Дождавшись, пока Сонька все-таки уйдет домой готовиться к завтрашнему отъезду, я проскользнул в гримерку и извлек из сумки пакет с пистолетом. Тяжелый металл жег руку ледяным холодом. Воткнув в ПМ обойму и сдвинув рычажок предохранителя, я сунул пистолет за пояс, прикрыл рубахой и вышел на темную улицу. Цирковой двор я обошел стороной, чтобы где-нибудь не столкнуться с Сонькой, и ивовыми зарослями вышел к Днестру. Я довольно быстро отыскал знакомый двор, вошел в калитку и прислушался. Было тихо. Так тихо, что можно было различить тихий шелест речной воды в камышах. Оглядевшись вокруг, я никого не заметил. В хате по-прежнему светилось только одно окно. Дверь оказалась открытой настежь.
Савченко сидел за столом. Свет керосиновой лампы жирно оттенял глубокие морщины на старческом лице.

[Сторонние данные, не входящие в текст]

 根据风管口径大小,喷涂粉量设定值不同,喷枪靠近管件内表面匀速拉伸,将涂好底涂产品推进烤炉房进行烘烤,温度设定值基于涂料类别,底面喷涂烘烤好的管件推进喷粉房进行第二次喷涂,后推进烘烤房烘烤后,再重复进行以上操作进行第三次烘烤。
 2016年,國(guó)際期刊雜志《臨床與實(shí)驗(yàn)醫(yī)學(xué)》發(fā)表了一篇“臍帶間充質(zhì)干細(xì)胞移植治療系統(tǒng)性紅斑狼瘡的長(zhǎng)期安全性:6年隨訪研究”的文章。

Казалось, тень отбрасывает каждая волосинка на его небритых щеках. Он явно кого-то ждал, потому что на столе поблескивали гранями два граненых стакана и тускло белели две тарелки. Прозрачная тень от водочной бутылки падала на салатницу с аккуратно нарезанными помидорами и огурцами. Но, увидев меня, он вдруг отшатнулся, и на его лице мелькнул ужас.
— Ты… ты… ты, — затараторил Савченко, схватив лампу и пятясь в угол, к высокому старинному трюмо. — Ты кто?

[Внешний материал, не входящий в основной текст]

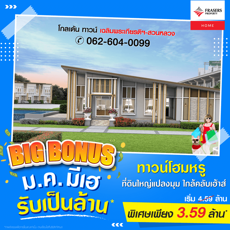 Promotion : วันที่ 1-31 ม.ค. 64 BIG BONUS ม.ค.นี้ มีเฮ โปรจัดหนัก รับเป็นล้าน* ห้ามพลาด แปลงพิเศษที่ดินใหญ่แปลงมุม! ใกล้คลับเฮ้าส์ ราคาสุดพิเศษเพียง 3.59 ล้าน* ทาวน์โฮมหรู 4 ห้องนอน 2 จอดรถ ฟังก์ชั่นครบครัน ครัวไทย + ห้องพระ สโมสรหรู ตอบโจทย์ทุกไลฟ์สไตล์ ทำเลคุณภาพ ใกล้สวนหลวง + เมกาบางนา
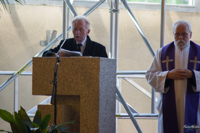 Az egyházközség részéről Dr. Szép László világi elnök mondott gyászbeszédet. Visszaemlékezésében kiemelte a Templom és Iskolaépítő Alapítvány létrehozásának jelentőségét és a „templomépítő” pap áldozatvállalását. Záró gondolatával kifejezete a közösség együttérzését a rokonság iránt:
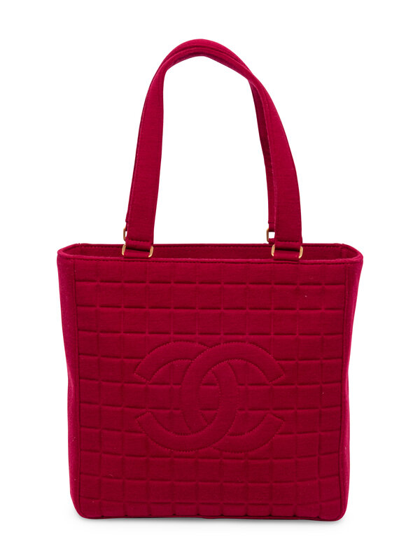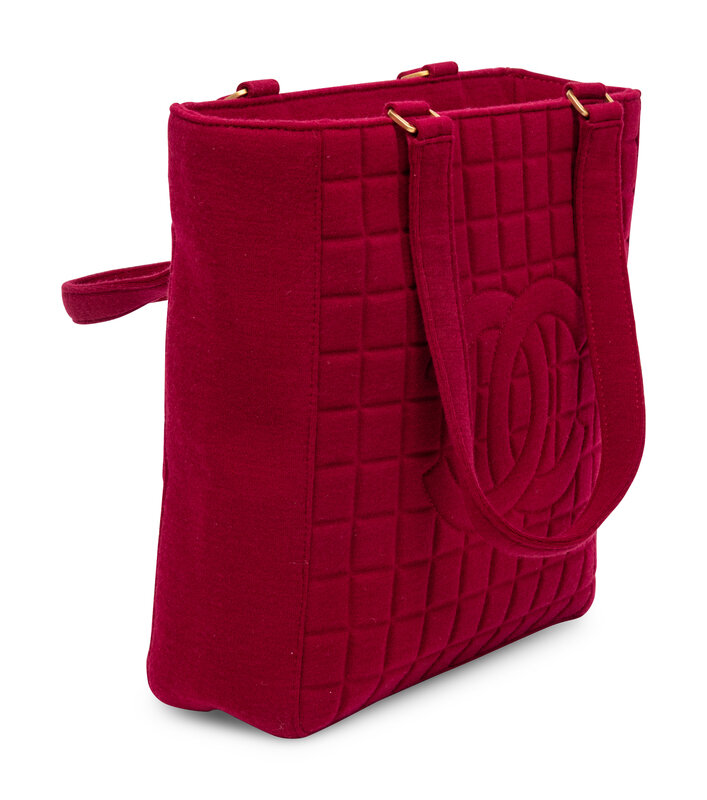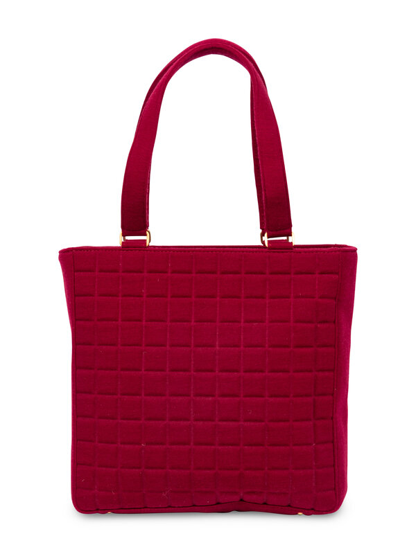 Chocolate Bar tote bag in quilted burgundy wool jersey knit with brushed gold-tone hardware. Zipper closure and flat handles.

Заглянув в это зеркало, я вдруг понял, что его так испугало. Зеркало отражало странное и даже страшное создание в огромном рыжем парике, длинноносых клоунских башмаках и кургузом клетчатом пиджачке с оборванным хлястиком. Мерцающий свет керосиновой лампы играл на густо покрытом белилами лице, украшенном багровым носом. Это было изображение дьявола во плоти.
Я молчал, испугавшись собственного отражения.
Вдруг лицо Савченко исказила гримаса улыбки. Он что-то сообразил.
— Пришел? — выдохнул он. — Что так вырядился-то? Я тебя уже три ночи жду. Вот, — показал он на стол, — водочка, помидорчики-огурчики. Чин чином. Как-никак, а зятек ты теперь будешь, родственник, можно сказать.
— Какой я тебе зятек, тварь?
Голос мой неожиданно просел и захрипел.
— А как же? Зятек, — настаивал он, не отходя от зеркала. — Надо все обговорить. А что было — давно прошло.
Неожиданно Савченко изогнулся, свободной рукой пошарил за трюмо и извлек ржавый штык.
— Видишь? Это твой. Деда твоего.
Я как зачарованный смотрел на штык, к ужасу своему вдруг осознав, что все рассказанное Исачком — правда. Если и теплилась когда-то надежда, то теперь она исчезла.
— Значит, сохранил? На память?
— Сохранил, — кивнул Савченко. — Я тебя сразу признал, еще когда ты с Сонькой во двор пришел. Похож. Похож на деда. Ну, как? Сладко было в курятнике?
Савченко оскалил остатки зубов и как-то противно всей головой закхекал. Смеялся так. Вдруг бросил штык на пол и задрал рубаху, обнажив огромный рваный шрам на животе.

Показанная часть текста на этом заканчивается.